PROBLEM TO SOLVE: The lines below, from the one holding "Papel premium o" through the one holding "Cómoda closet color", are to be restated word for word, with all images left out.

PROVIDED INFORMATION:
Start of Block

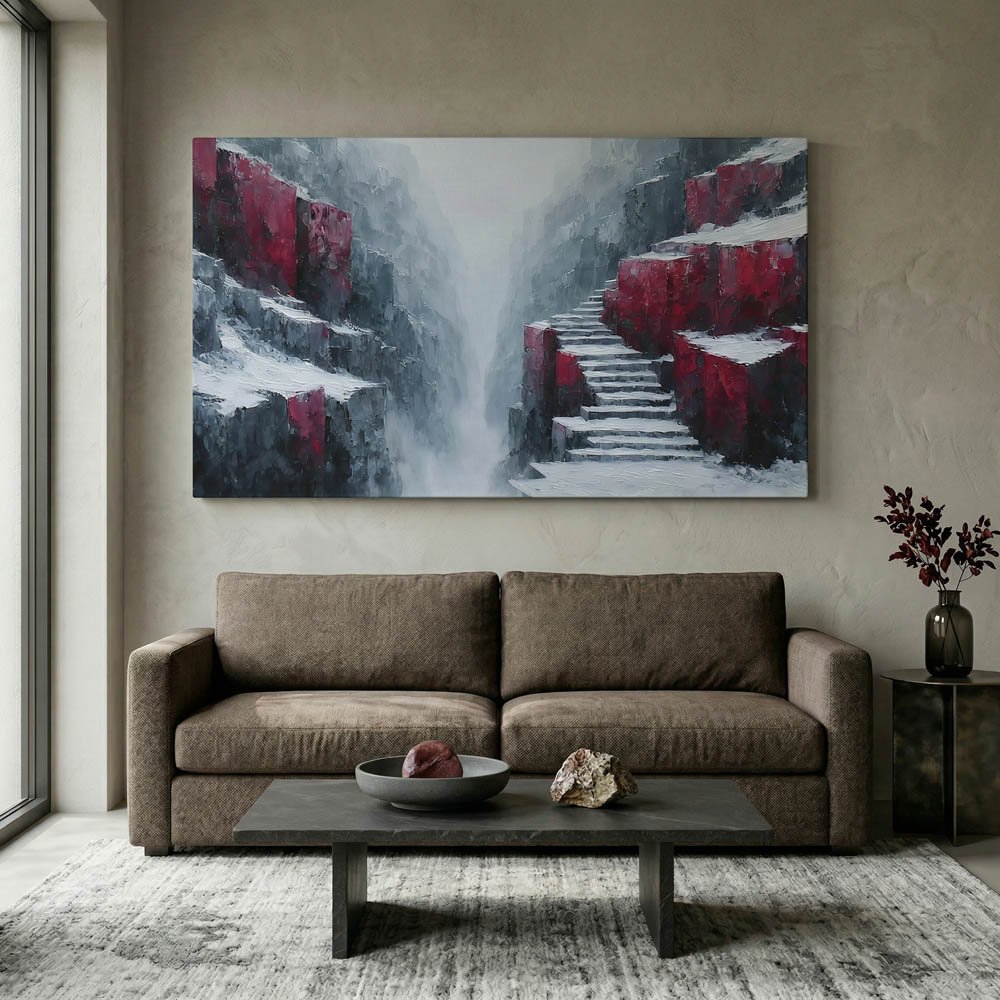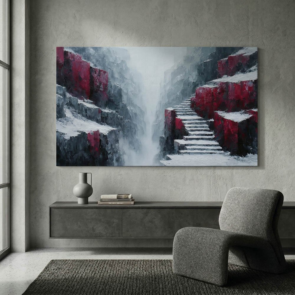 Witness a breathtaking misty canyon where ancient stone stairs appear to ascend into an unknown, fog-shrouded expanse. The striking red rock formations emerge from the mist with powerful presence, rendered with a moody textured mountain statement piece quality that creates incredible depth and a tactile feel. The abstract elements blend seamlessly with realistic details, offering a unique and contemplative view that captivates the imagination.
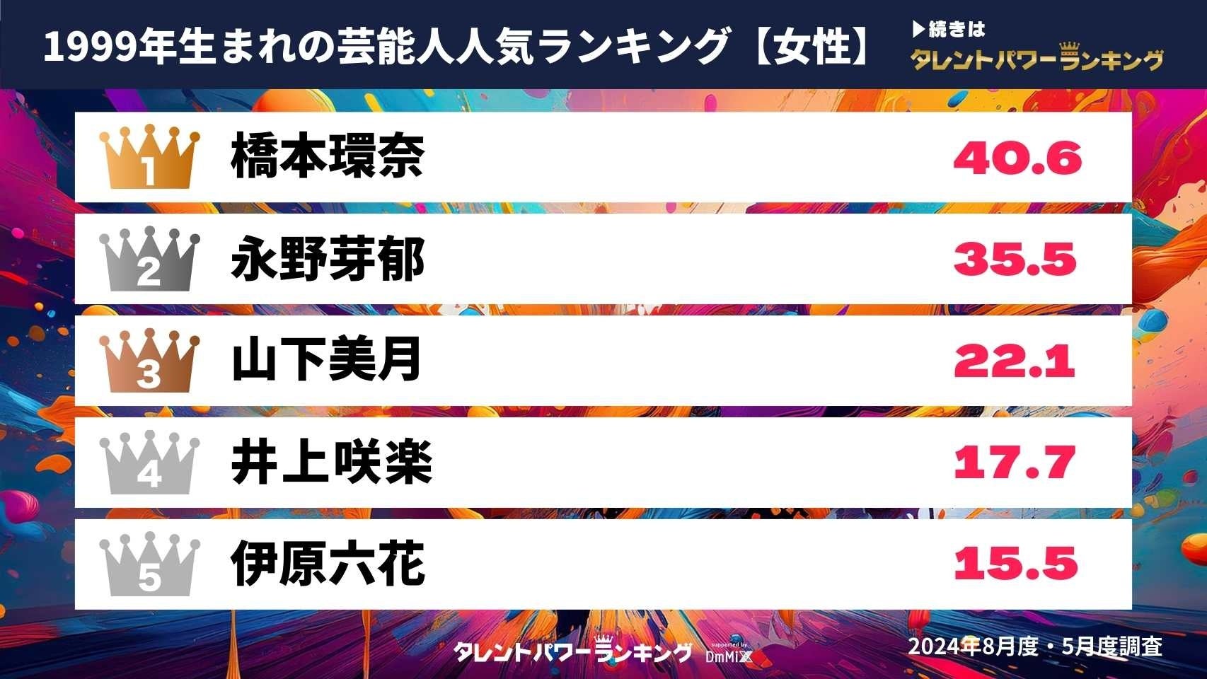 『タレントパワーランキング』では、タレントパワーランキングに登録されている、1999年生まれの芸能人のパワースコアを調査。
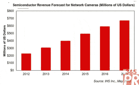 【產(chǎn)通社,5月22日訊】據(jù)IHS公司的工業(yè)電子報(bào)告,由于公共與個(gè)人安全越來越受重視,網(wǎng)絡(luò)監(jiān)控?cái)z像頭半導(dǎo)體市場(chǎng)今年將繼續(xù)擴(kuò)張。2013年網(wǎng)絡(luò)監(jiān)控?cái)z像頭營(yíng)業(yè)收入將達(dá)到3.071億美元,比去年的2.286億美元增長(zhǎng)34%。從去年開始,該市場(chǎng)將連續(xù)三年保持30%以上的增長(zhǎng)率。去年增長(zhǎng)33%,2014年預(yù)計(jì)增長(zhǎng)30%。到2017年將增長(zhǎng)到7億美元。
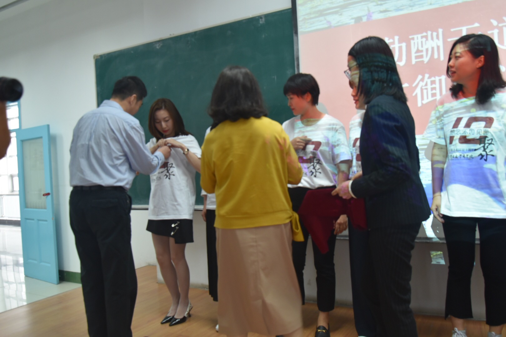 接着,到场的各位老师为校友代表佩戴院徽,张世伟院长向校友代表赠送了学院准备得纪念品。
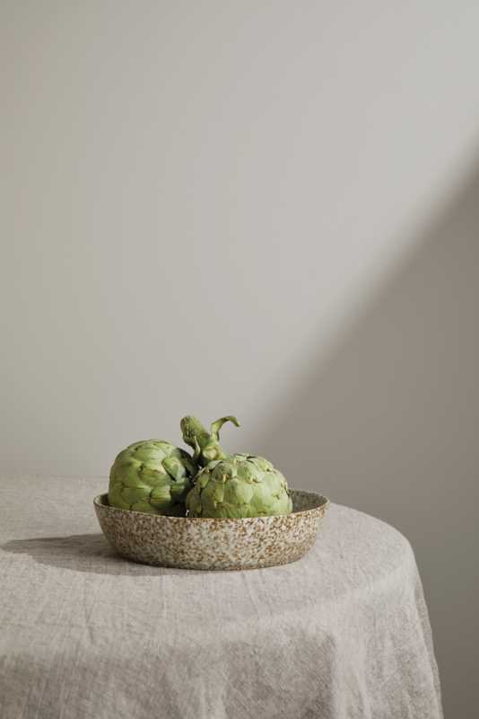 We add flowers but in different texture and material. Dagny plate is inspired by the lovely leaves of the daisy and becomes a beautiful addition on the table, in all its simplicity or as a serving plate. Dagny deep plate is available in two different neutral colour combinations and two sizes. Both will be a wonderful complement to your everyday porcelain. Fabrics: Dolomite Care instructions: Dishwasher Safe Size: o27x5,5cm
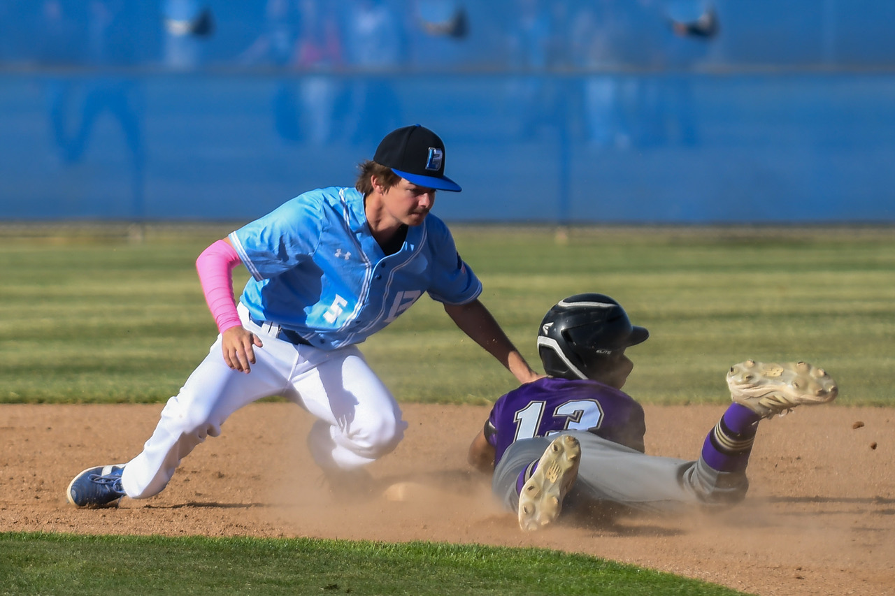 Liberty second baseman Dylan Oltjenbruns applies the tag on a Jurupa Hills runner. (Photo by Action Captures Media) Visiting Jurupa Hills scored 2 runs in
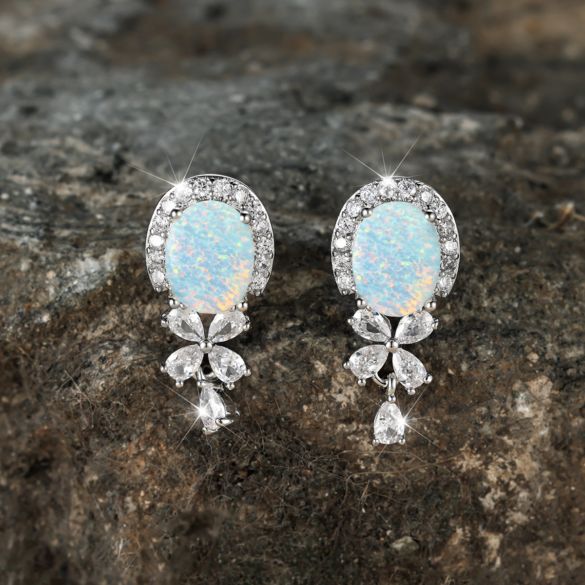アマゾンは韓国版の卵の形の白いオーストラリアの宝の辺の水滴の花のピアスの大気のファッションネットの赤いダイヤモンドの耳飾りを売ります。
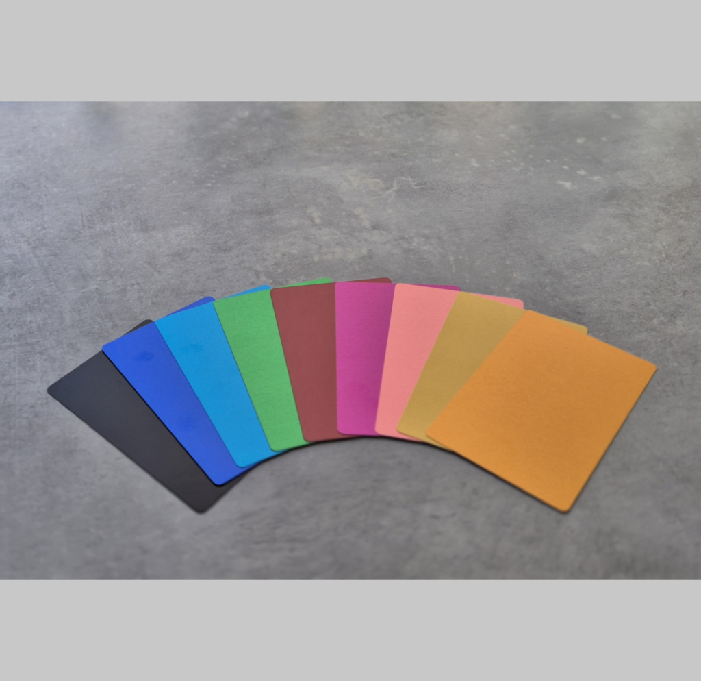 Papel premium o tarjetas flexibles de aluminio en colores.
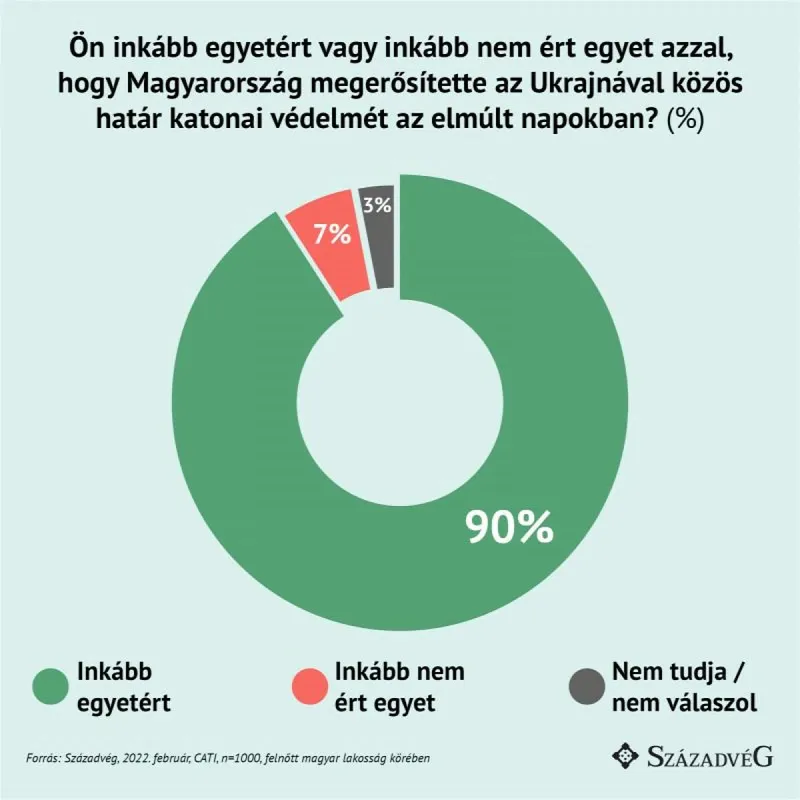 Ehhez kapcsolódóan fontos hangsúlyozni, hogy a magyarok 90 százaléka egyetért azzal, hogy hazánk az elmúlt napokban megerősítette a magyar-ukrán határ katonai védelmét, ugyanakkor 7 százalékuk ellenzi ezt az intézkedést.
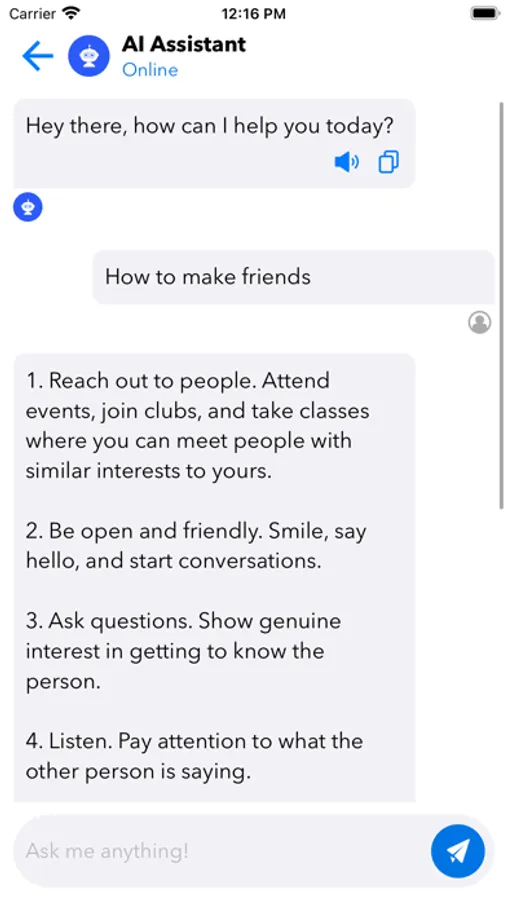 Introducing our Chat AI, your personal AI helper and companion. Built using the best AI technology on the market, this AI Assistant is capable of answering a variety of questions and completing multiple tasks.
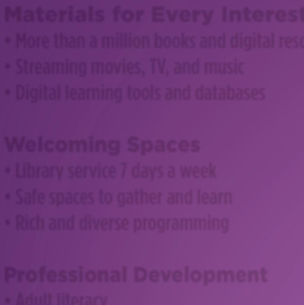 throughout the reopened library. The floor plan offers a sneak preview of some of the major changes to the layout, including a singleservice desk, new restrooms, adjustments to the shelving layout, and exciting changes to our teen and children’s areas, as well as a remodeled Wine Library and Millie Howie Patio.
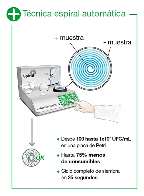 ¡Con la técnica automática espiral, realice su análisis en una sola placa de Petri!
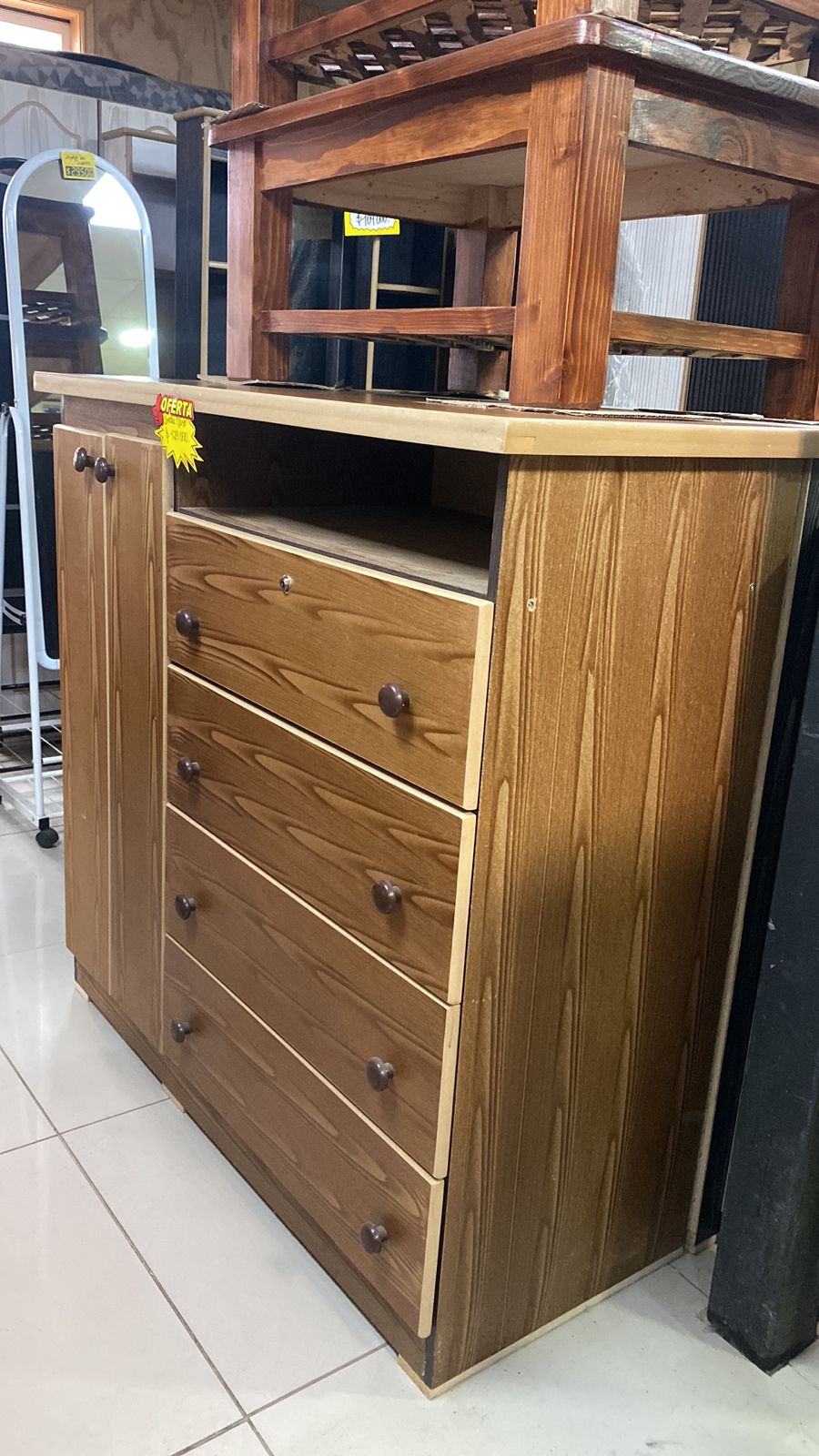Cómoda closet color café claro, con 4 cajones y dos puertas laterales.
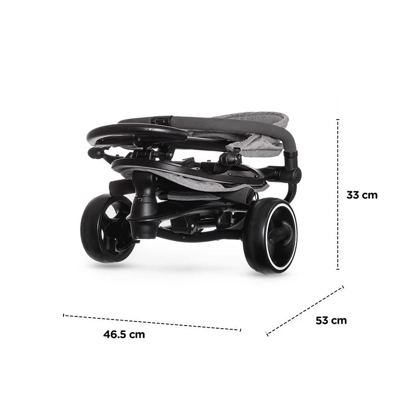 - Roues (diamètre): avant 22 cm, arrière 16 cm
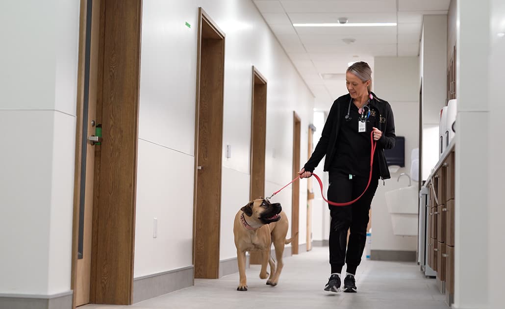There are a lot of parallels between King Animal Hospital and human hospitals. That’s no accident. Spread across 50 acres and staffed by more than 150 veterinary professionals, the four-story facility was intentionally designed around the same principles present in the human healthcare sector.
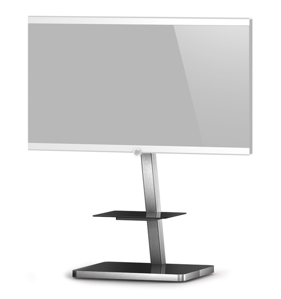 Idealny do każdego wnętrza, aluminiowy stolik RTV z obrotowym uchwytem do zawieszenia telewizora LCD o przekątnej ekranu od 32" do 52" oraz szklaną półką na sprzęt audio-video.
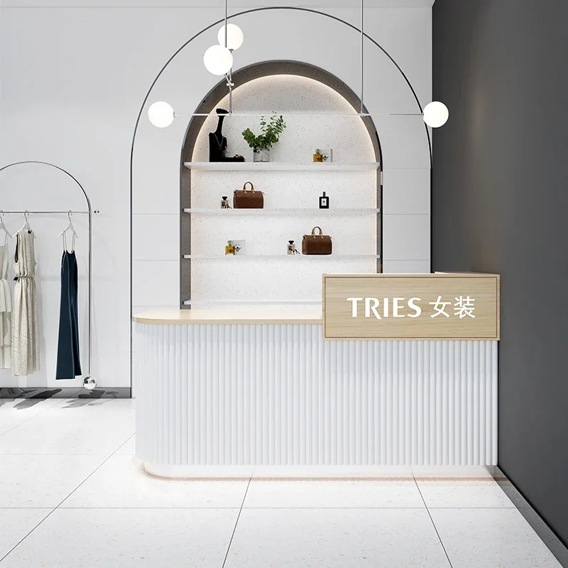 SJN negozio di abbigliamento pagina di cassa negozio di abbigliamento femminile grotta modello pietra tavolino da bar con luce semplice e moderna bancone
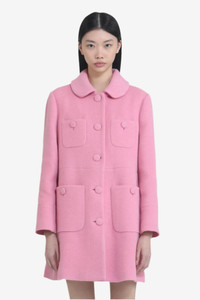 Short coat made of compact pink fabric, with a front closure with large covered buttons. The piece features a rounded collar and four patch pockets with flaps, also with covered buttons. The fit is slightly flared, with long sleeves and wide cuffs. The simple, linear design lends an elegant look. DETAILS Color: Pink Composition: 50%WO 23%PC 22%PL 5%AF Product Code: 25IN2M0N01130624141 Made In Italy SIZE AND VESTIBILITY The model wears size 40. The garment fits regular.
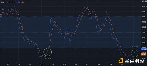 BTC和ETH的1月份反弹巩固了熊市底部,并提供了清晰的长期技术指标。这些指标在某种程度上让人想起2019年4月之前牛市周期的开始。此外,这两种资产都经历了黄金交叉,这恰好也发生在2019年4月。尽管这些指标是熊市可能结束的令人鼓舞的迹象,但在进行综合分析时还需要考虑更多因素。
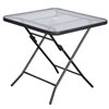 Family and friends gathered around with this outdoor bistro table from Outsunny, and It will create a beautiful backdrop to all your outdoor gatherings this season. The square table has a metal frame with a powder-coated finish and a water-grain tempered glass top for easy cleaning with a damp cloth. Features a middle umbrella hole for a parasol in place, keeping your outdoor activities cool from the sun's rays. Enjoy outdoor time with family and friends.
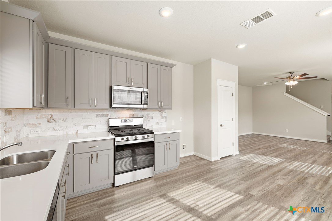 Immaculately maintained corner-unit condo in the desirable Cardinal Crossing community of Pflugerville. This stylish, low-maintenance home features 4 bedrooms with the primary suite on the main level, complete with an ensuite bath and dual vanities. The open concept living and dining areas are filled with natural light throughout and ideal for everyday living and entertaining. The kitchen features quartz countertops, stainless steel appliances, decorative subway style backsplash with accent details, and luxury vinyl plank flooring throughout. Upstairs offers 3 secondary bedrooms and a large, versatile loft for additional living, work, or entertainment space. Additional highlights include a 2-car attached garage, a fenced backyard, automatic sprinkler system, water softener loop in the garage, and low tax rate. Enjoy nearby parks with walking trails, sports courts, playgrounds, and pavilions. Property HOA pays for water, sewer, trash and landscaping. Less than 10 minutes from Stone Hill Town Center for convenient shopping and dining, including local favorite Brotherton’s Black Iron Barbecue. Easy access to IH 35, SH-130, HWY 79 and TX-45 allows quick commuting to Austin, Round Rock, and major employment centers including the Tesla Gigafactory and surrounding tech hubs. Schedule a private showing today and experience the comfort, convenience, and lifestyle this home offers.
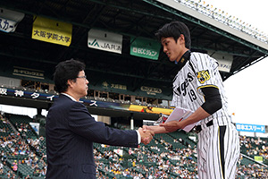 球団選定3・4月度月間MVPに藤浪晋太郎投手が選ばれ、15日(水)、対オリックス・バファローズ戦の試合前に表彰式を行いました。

End of Block

FINISHED EXERCISE:
 Papel premium o tarjetas flexibles de aluminio en colores.
 Ehhez kapcsolódóan fontos hangsúlyozni, hogy a magyarok 90 százaléka egyetért azzal, hogy hazánk az elmúlt napokban megerősítette a magyar-ukrán határ katonai védelmét, ugyanakkor 7 százalékuk ellenzi ezt az intézkedést.
 Introducing our Chat AI, your personal AI helper and companion. Built using the best AI technology on the market, this AI Assistant is capable of answering a variety of questions and completing multiple tasks.
 throughout the reopened library. The floor plan offers a sneak preview of some of the major changes to the layout, including a singleservice desk, new restrooms, adjustments to the shelving layout, and exciting changes to our teen and children’s areas, as well as a remodeled Wine Library and Millie Howie Patio.
 ¡Con la técnica automática espiral, realice su análisis en una sola placa de Petri!
Cómoda closet color café claro, con 4 cajones y dos puertas laterales.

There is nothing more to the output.